Sharon Salzberg

‘The tendency for most of us each day is to focus on life’s problems. More often than not, we find ourselves lamenting the prickly patch of our long-term relationship rather than stopping to appreciate its strengths; the moments of incredible boredom at work seem to outweigh the interesting aspects. We’re wired with what’s called negativity bias — an evolutionary instinct to look out for threats so that we can escape them unharmed.

But we can learn to work with negativity bias. That doesn’t mean that I think that we can all just flip the gratitude switch on. For better or worse, that’s not how life works — and in fact, gratitude is definitely not automatic for me. To this day, even speaking as someone who encourages the practice, I have found myself thinking at times that gratitude can seem like a glorified form of denial, a way of papering over problems by posting inspirational quotes to social media, by labeling everything in life “a blessing.”

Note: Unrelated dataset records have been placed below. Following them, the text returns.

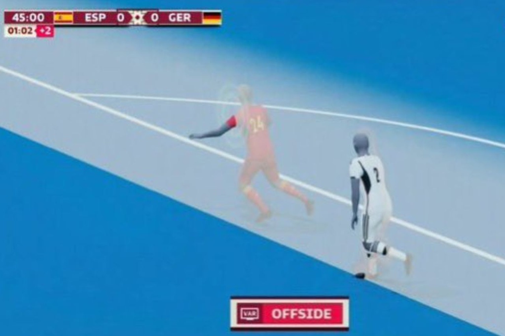 Cả VAR và công nghệ bắt việt vị bán tự động can thiệp để xác định Rudiger (số 2) việt vị ở hiệp một.
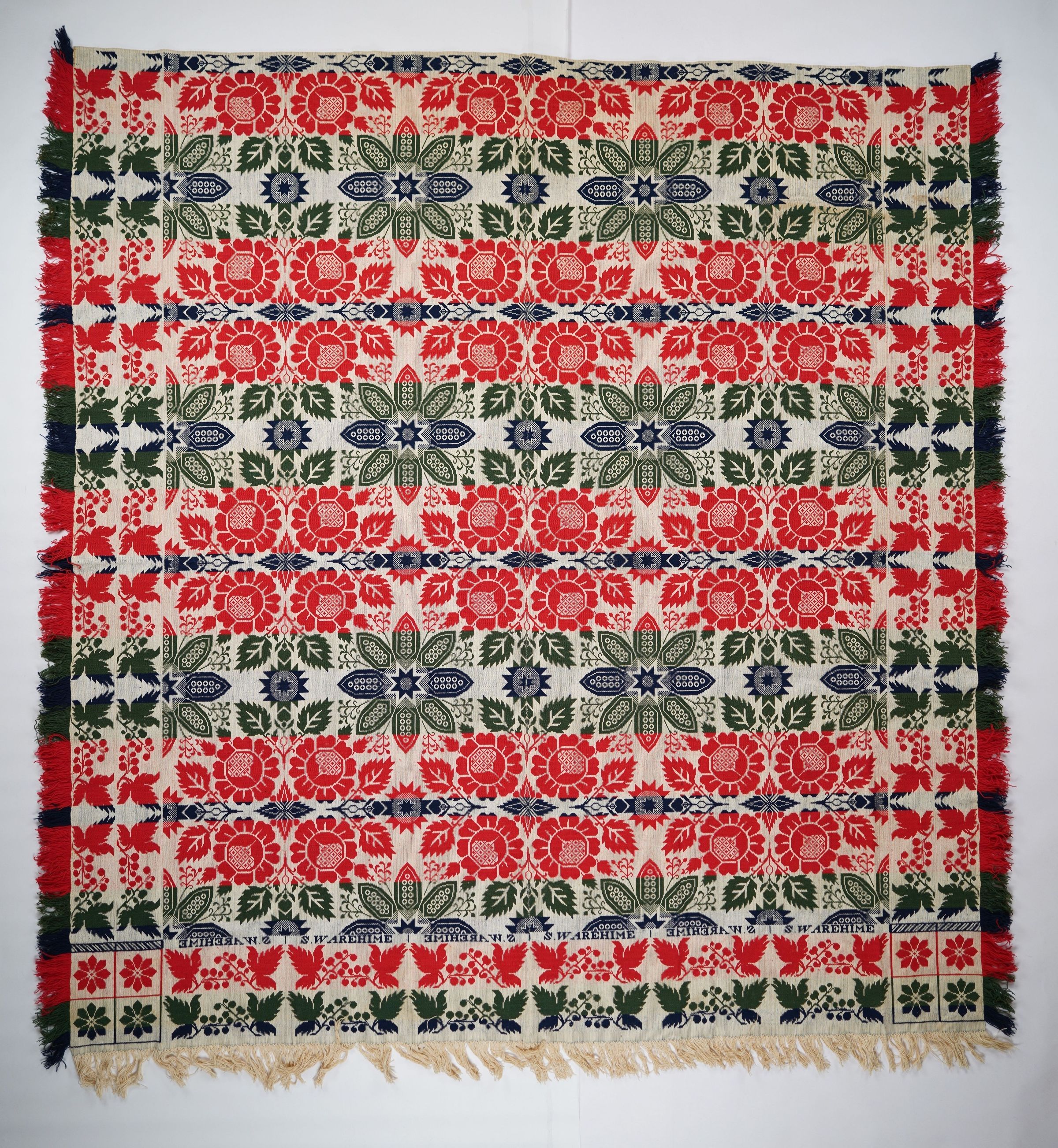 Red, green, navy, and natural figured tied half doublecloth coverlet with border and self-fringe on three sides. Seamless. Woven for S. Warehime in or near Pleasant Valley, Carroll Co., Maryland. Most contemporary instances of the surname Warehime appear in Carroll Co., MD, near the border with Pennsylvania.Collection
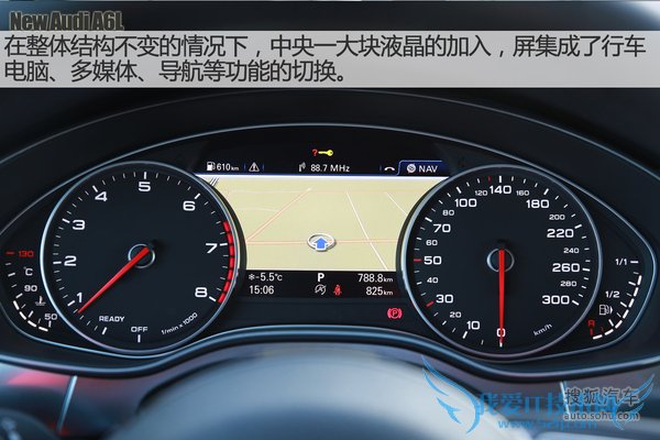 仪表盘在未点亮的情况下与老款车型相差无几,但改变之处在点亮后便可发现其中的奥秘,中央一大块液晶屏集成了行车电脑、多媒体、导航等功能的切换。
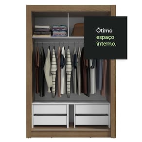 Espaço e organização: Perfeito para quarto de solteiro, o modelo conta com diversos nichos internos e quatro gavetas, que facilitam a organização de roupas, calçados e acessórios. O tubo cabideiro metálico é ideal para pendurar roupas longas.
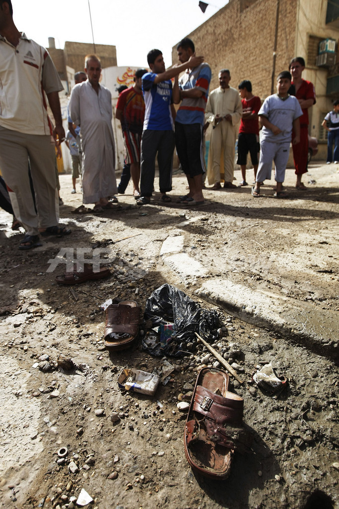 治安当局によると、1件目の自爆攻撃はバグダッド南部のシーア派地区ジャディダ(Jadida)で発生。モスクの外で身体検査を受けていた男が自爆し、12人が死亡、30人が負傷した。
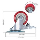 4 × 4 Inch Caster Wheels Swivel Plate Total Lock Brake Polyurethane Pu Red
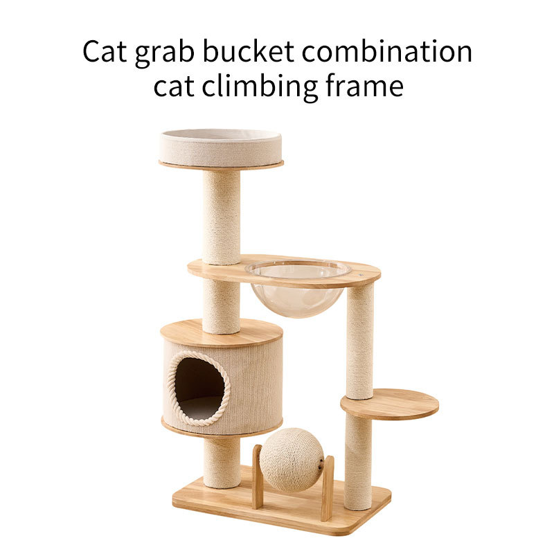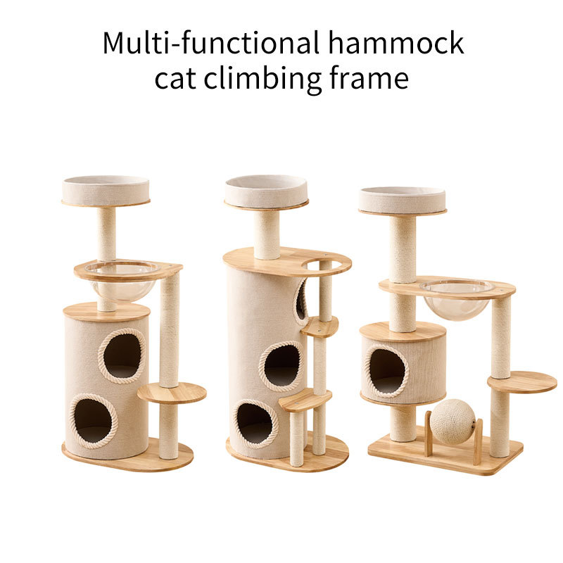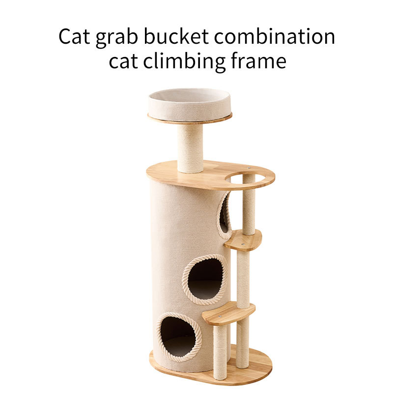 고양이 등반 프레임 고양이 둥지 고양이 나무 통합 닷지 방지 스크래치 방지 다기능 나무 구멍 고양이 둥지 고양이 등반 프레임 물과 나무
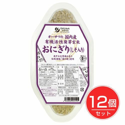 「オーサワの国内産有機活性発芽玄米おにぎり しそ入り 90g×2個」は、伝統海塩・海の精で味付けした、しそ入りの発芽玄米おにぎりです。温めるだけで手軽に食べられます。有機JAS認定品。 ★お得なまとめ買いセット

But each time that dismissive instinct kicks in, I encourage myself to remember that being grateful doesn’t mean I have to keep a gratitude jar that counts my blessings. It just means I can reset my thoughts, just like in meditation, and choose instead to gently settle my attention on something positive. We don’t erase the pain — it’s still there — but we can broaden our perspective by opening to our pain and also opening to things other than the suffering we feel.’ (from Instagram)

There are two thoughts here that I often try to reflect in my teaching: how evolution has set us up to be the way we are, and how usually a sense of broadening rather than choosing is a way to liberation, as in the recent bell hooks post.